In Search of Mary: The Mother of all Journeys by Bee Rowlatt
|In Search of Mary: The Mother of all Journeys by Bee Rowlatt|
|Reviewer: Rebecca Foster|
|Summary: A BBC journalist and mother of four sets out, baby in tow, to trace the steps of Mary Wollstonecraft in Norway and France. A follow-up trip to California is a little off-topic, but allows Rowlatt to survey the development of feminism over the last few centuries.|
|Buy? Maybe||Borrow? Yes|
|Pages: 288||Date: October 2015|
|Publisher: Alma Books|
|External links: Author's website|
As a university student at Glasgow, Bee Rowlatt first encountered the proto-feminist Mary Wollstonecraft through her epistolary travel narrative, Letters from Norway. This book is her homage to Wollstonecraft as well as an attempt to pinpoint why this particular work has meant so much to her over the years and helped her form her own ideas about feminism and motherhood. From Norway to Paris and then San Francisco, Rowlatt follows in Wollstonecraft's footsteps and asks everyone she meets how modern feminism and motherhood can coincide. By using a Dictaphone, she is able to recreate her dialogues exactly, making for lively, conversational prose.
At around the time of the French Revolution, Wollstonecraft was living in Paris as man and wife with an American bounder named Gilbert Imlay. He cheated and she tried to kill herself. Hoping to get his melancholy girlfriend out of the way, Imlay sent her to Scandinavia to look for his missing ship off the coast of Norway. She dutifully set off with her baby daughter Frances and her maid Marguerite to try to trace his lost cargo of silver as far as possible.
In 2011 Rowlatt recreated this journey with her young son Will, flying to Sweden and then driving to a ferry terminal so as to approach Norway by sea like Wollstonecraft did. Upon arrival in Risør she stayed in a flat at the bottom of the garden of the communist mayor and met an impressive number of Norwegians who knew about Wollstonecraft and her brief connection to their country. Alas, from Wollstonecraft's account it seems she was unimpressed with the place, deploring the people's poverty and bad manners. Rowlatt fell in love with Scandinavia but had chosen an unexpectedly inopportune time; just three weeks after she left, Anders Breivik killed more than 70 people in his rampage of terror.
Rowlatt's next stop, with now-toddler Will, was Paris, where because it was harder to find historical traces of Wollstonecraft she had to do more general tourism, seeing the site of the Bastille and other revolutionary hotspots. Appropriately, she also stumbled onto a feminist march. It's with the book's third journey that Rowlatt lost me a bit. She decided to go to San Francisco to find the relics of 1970s feminism. Although this section has some of the book's best set pieces – a Goddess Grrrls meeting, learning about 'ecosexuality', seeing The Vagina Monologues and undergoing a rebirthing ceremony – it's barely relevant and also seems like an excuse to poke gentle fun at some hippies.

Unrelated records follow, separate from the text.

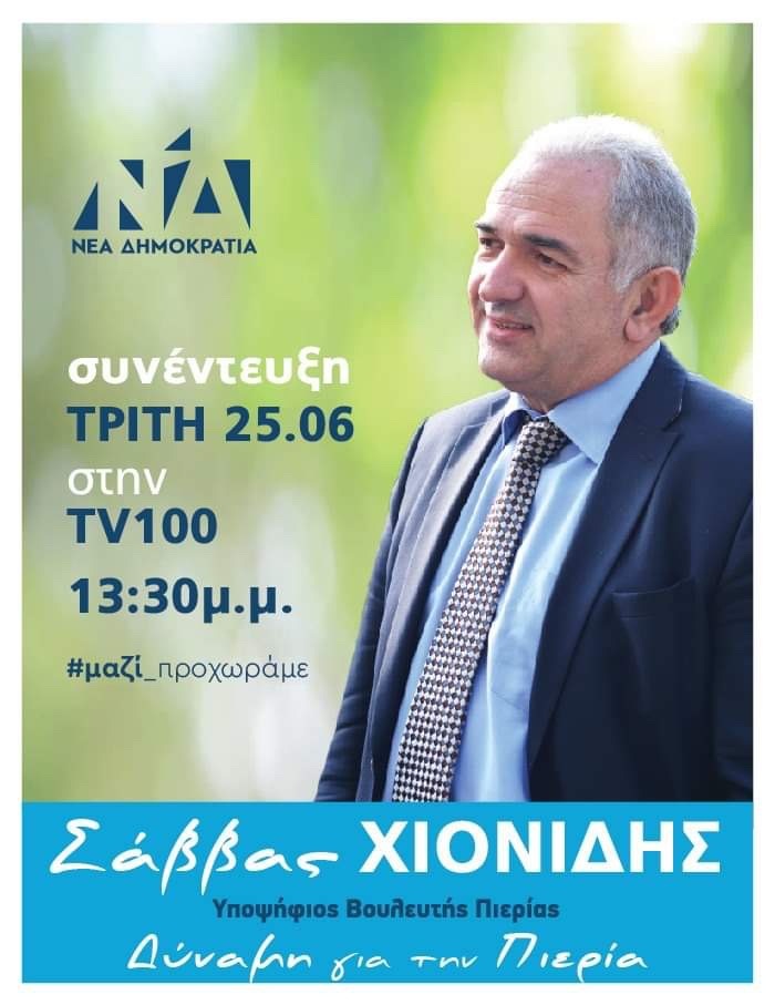 Συνέντευξη του Σάββα Χιονίδη σήμερα στις 13.30 στην TV100 με την Βιβή Ανδρίτσου Πολιτική 25 Ιουνίου 201925 Ιουνίου 2019Pieria Social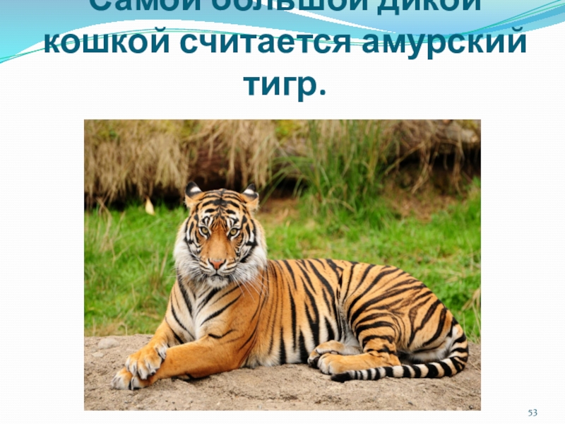 Слайд 53Самой большой дикой кошкой считается амурский тигр.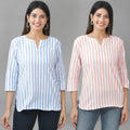 Our Set of Two Striped Cotton Women Tops Combo offers unmatched comfort and style. For stylish ladies who value both cost and quality, these contemporary tops are ideal. These tops, which are made of soft and lightweight cotton, have a timeless striped pattern that elevates any outfit. These tops are adaptable for any occasion with a flattering fit and a robust design. With this essential set, you can up your style ante while maintaining comfort. Get our Striped Cotton Women Tops Combo today to stand out From The Crowd.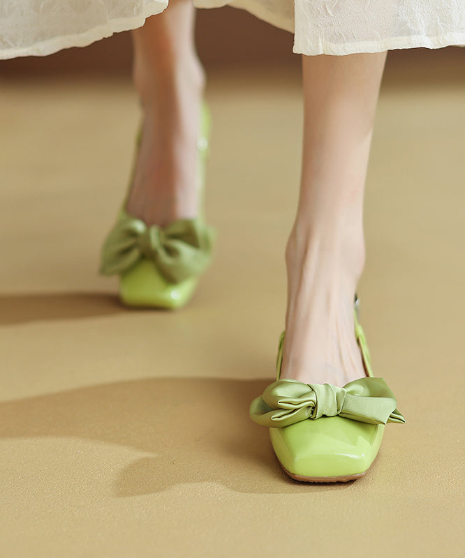 Refined Spliced Bow Thick Heeled Sandals in Pink Genuine Cowhide Leather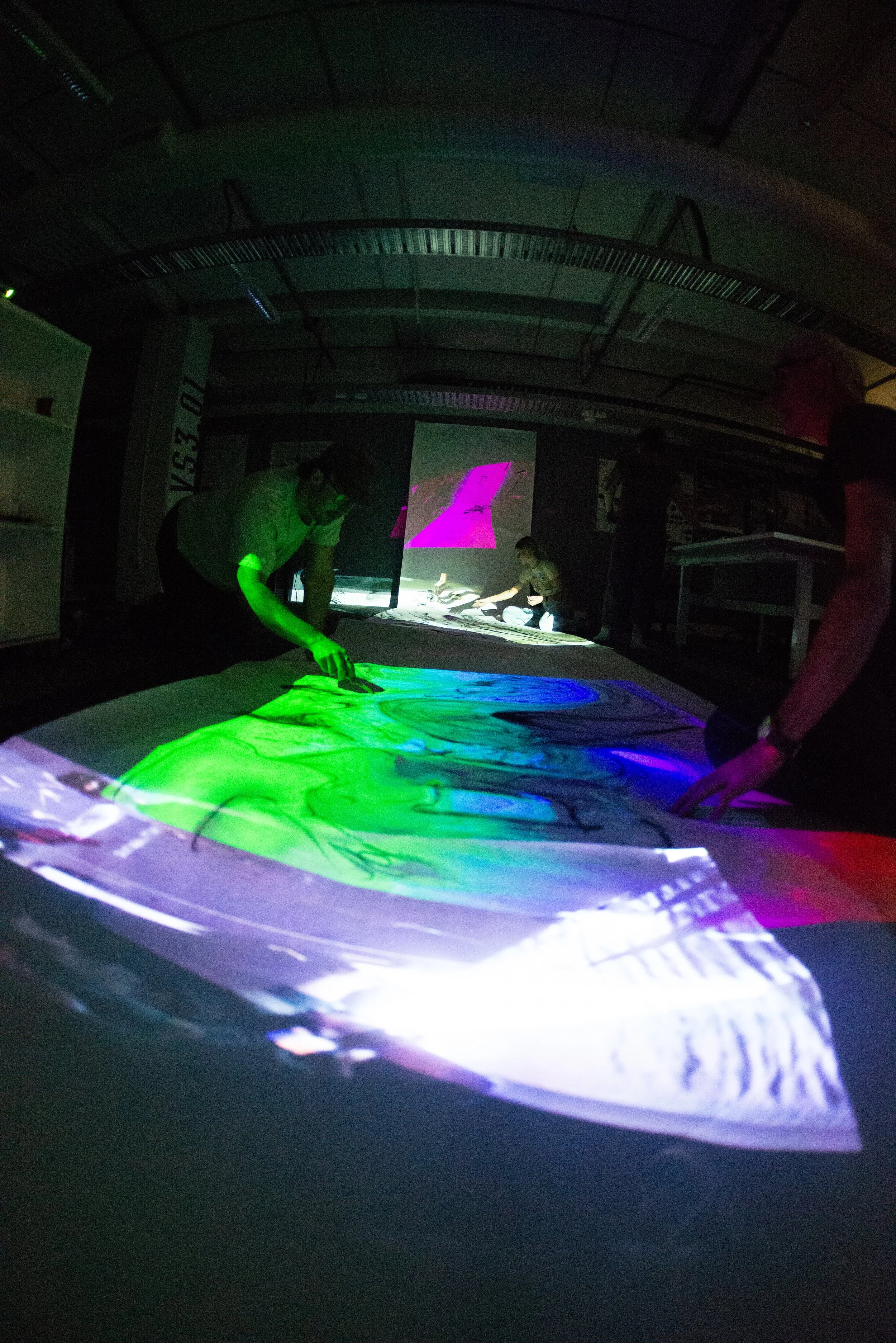 Old House Section is a performative sketch experiment that extended the Old House project. A section through the old house, extending to the abyssal depths of the Kaikōura canyon, was sketched by seven drawers. Sketchers responded to multiple moving marks: abstract projections of seismic dynamics and water pressure, shadowing from ‘sketch creatures’ from the Old House experiment, and live re-projections of drawers’ sketching. The experiment attempted to intra-act personal and planetary worlds by engaging the performative gestures of both, in a co-created sectional sketch.

One of Rowlatt's major questions, something she asks wherever she goes, is how the feminist perspective accommodates motherhood. 'Having babies seems to make us different. Is this a good thing or something we should ignore? Where does motherhood fit into a revolutionary landscape?' Rowlatt sometimes feels guilty even bringing it up because she knows that she – an educated, professional woman with enough expendable income to hire a nanny for her four kids – is so much better off than many poor, vulnerable women, like the ones her friend Lucy works with in inner-city Leeds. Is the 'having it all' debate even pertinent anymore?

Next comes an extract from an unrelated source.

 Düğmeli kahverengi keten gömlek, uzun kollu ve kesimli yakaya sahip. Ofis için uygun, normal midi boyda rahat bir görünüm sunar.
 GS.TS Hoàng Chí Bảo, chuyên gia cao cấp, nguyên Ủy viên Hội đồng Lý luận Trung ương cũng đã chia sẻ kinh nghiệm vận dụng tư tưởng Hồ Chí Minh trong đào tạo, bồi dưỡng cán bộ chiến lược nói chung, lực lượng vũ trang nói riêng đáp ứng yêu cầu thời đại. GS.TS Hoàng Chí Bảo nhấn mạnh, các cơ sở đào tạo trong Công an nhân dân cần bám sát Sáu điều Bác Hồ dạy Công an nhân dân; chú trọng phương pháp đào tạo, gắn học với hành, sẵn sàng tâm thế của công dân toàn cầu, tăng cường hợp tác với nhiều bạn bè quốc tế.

Really the topic of feminism over the centuries is too broad for Rowlatt to do justice to, and she's not enough of a Wollstonecraft expert to give a real sense of her heroine's life and work, despite frequently quoting long passages from Letters from Norway and A Vindication of the Rights of Woman. Still, it's easy to see why anyone would admire Wollstonecraft: she 'loved just as she lived, passionately, and at a hundred miles an hour – as if it was the last day of her life.' Rowlatt's life story also connects with Wollstonecraft's in one climactic particular: like Wollstonecraft, she had a retained placenta after her second delivery, a life-threatening condition even today. It was the immediate cause of Wollstonecraft's death, after she had just given birth to the baby who would become Mary Shelley.

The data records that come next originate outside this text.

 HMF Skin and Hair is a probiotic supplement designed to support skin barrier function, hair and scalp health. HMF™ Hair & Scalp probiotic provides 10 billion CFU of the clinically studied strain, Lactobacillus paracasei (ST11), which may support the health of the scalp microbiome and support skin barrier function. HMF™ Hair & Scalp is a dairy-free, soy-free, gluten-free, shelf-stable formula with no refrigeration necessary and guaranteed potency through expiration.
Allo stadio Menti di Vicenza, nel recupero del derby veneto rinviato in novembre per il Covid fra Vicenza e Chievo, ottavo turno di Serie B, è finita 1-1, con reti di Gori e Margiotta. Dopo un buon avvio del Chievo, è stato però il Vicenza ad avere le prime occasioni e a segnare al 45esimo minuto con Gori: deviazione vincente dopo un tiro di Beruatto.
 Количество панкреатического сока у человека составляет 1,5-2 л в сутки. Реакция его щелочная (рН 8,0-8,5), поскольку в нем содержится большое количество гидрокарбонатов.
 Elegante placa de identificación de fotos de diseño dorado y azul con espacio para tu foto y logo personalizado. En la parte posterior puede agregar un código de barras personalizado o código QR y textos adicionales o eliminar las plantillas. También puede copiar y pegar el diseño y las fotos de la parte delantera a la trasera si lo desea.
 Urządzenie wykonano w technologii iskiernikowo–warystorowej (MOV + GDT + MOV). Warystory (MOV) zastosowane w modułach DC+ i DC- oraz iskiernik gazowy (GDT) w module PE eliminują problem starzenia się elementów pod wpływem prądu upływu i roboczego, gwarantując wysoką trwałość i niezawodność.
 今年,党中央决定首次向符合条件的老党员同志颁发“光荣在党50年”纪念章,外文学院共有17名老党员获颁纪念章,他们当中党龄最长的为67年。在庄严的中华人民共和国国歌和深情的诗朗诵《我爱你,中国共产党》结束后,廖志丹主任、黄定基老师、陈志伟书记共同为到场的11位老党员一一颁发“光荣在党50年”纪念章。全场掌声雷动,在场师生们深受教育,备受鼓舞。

This isn't as successful a 'bibliomemoir' as many I've read in recent years, such as Rebecca Mead's The Road to Middlemarch or Samantha Ellis's How to Be a Heroine, but for readers interested in engaging in the ongoing debate about how women can balance work life with motherhood, and especially for any women who have attempted travelling with children, it's a fun, sassy travelogue.
Further reading suggestion: To further explore how women's writing can be inspirational, try How To Be A Heroine: Or, what I've learned from reading too much by Samantha Ellis. Mary Wollstonecraft plays a minor role in Wits and Wives: Dr Johnson in the Company of Women by Kate Chisholm.